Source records
--

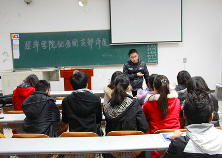本次评选活动持续了一个半小时。在评选活动的最后,王有老师做了简单的点评。在点评中王有老师表了对大一各班团支书的殷切期望,希望大一各班团支书能够积极向大二、大三师兄、师姐学习
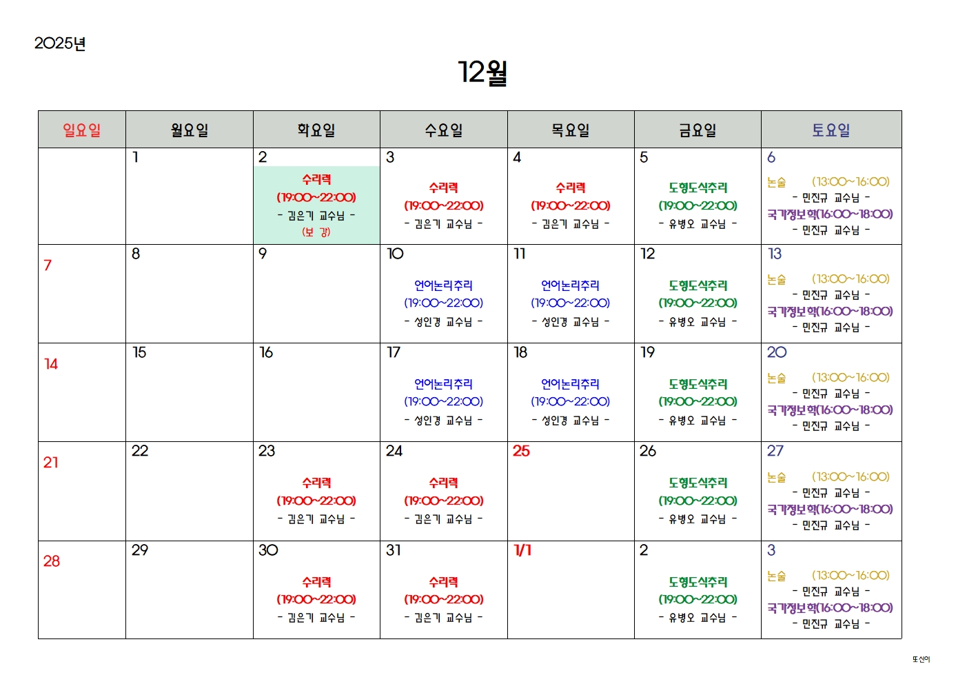 12월 10일(수) 부터 순차적으로 기본MASTER강의가 진행됩니다.
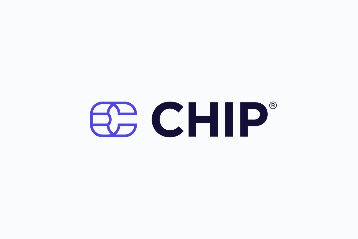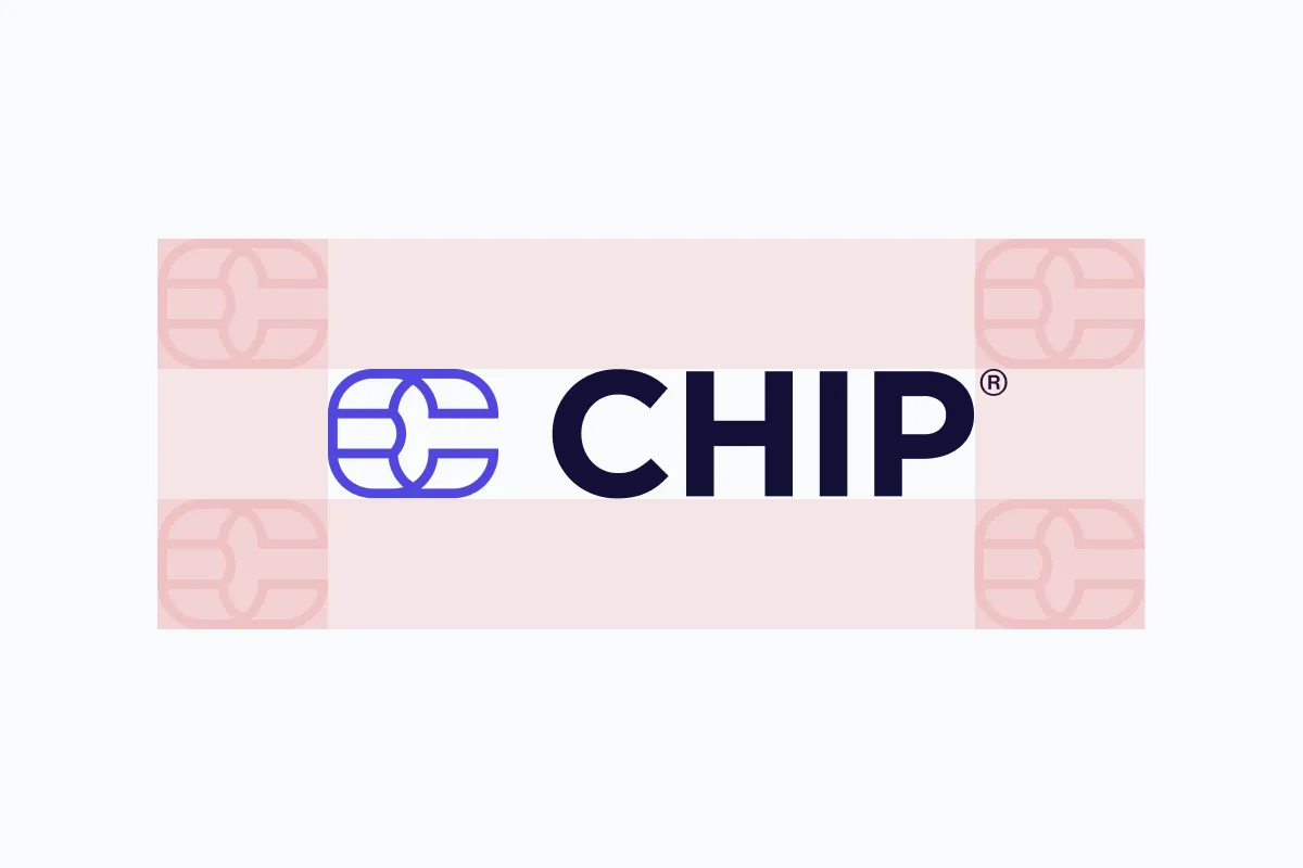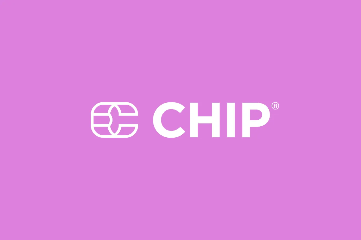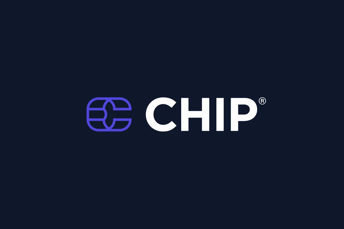 On darker background, use our full-colour primary logo with white (#FFFFFF) "CHIP" wordmark.
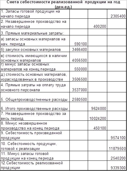 Эта смета составляется на основе ожидаемых величин товарных запасов, а также сводных данных по натуральным и стоимостным оценкам, взятым из смет 1) прямых материальных затрат, 2) затрат по оплате труда и 3) накладных расходов. Смета себестоимости реализованной продукции выглядит следующим образом:
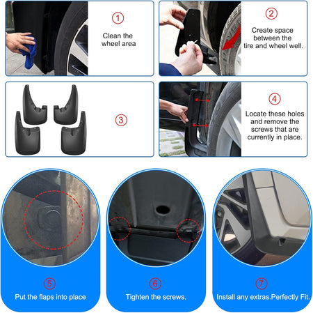 【Easy Installation】Fender flares for your car are fast and simple to install & remove. No drill is required, without wheel, or tire removal. There are holes in the fender, easy to install, and saves you time. A bag of fixings screws you need is included, just install them in the original hole position, and the splash guard will stay in place after the installation, perfectly matching your car model.
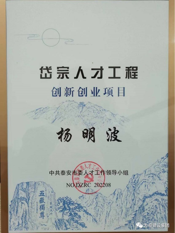 公海赌赌船官网jc710集团山东铁鹰建设工程有限公司董事长杨明波同志凭借其卓越的创新成果和创业成就,成功通过了泰安市岱宗人才工程创新创业项目的评审!本项目全市共8人通过评审,岱岳区仅杨明波同志1人通过。
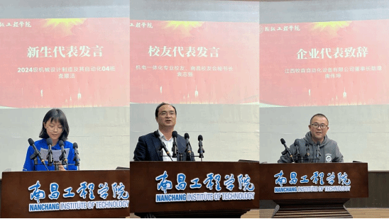 学院党委负责人夏志红、学院行政负责人唐刚、2024级机械制造与自动化专业新生代表查顺洁、2002级机电一体化专业校友代表袁志强、江西牧森自动化设备有限公司企业代表唐伟坤分别发言。(文/图 刘 欣)
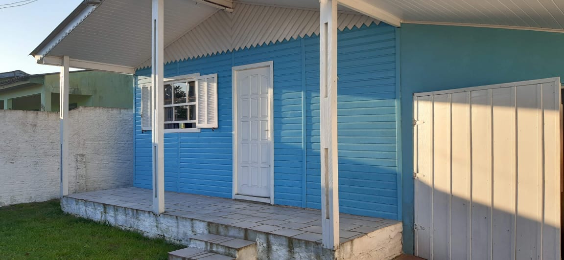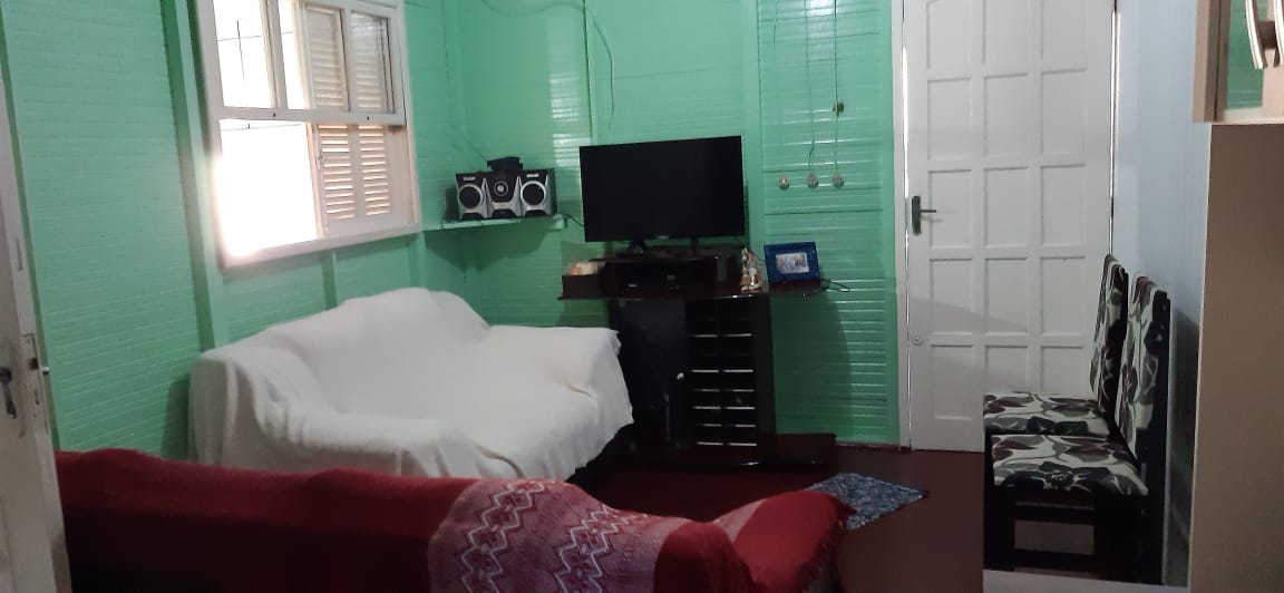 Casa em cedrinho, mista, com dois quartos, um banheiro, garagem de alvenaria. Fundos com uma horta pessoal.

--

• _Required work_: Using the data above, set down each line from the line with "Эта смета составляется" to the line with "your car model." exactly, both ends included, and leave the pictures behind. Nothing else belongs.

• _Expected output_:
 Эта смета составляется на основе ожидаемых величин товарных запасов, а также сводных данных по натуральным и стоимостным оценкам, взятым из смет 1) прямых материальных затрат, 2) затрат по оплате труда и 3) накладных расходов. Смета себестоимости реализованной продукции выглядит следующим образом:
 【Easy Installation】Fender flares for your car are fast and simple to install & remove. No drill is required, without wheel, or tire removal. There are holes in the fender, easy to install, and saves you time. A bag of fixings screws you need is included, just install them in the original hole position, and the splash guard will stay in place after the installation, perfectly matching your car model.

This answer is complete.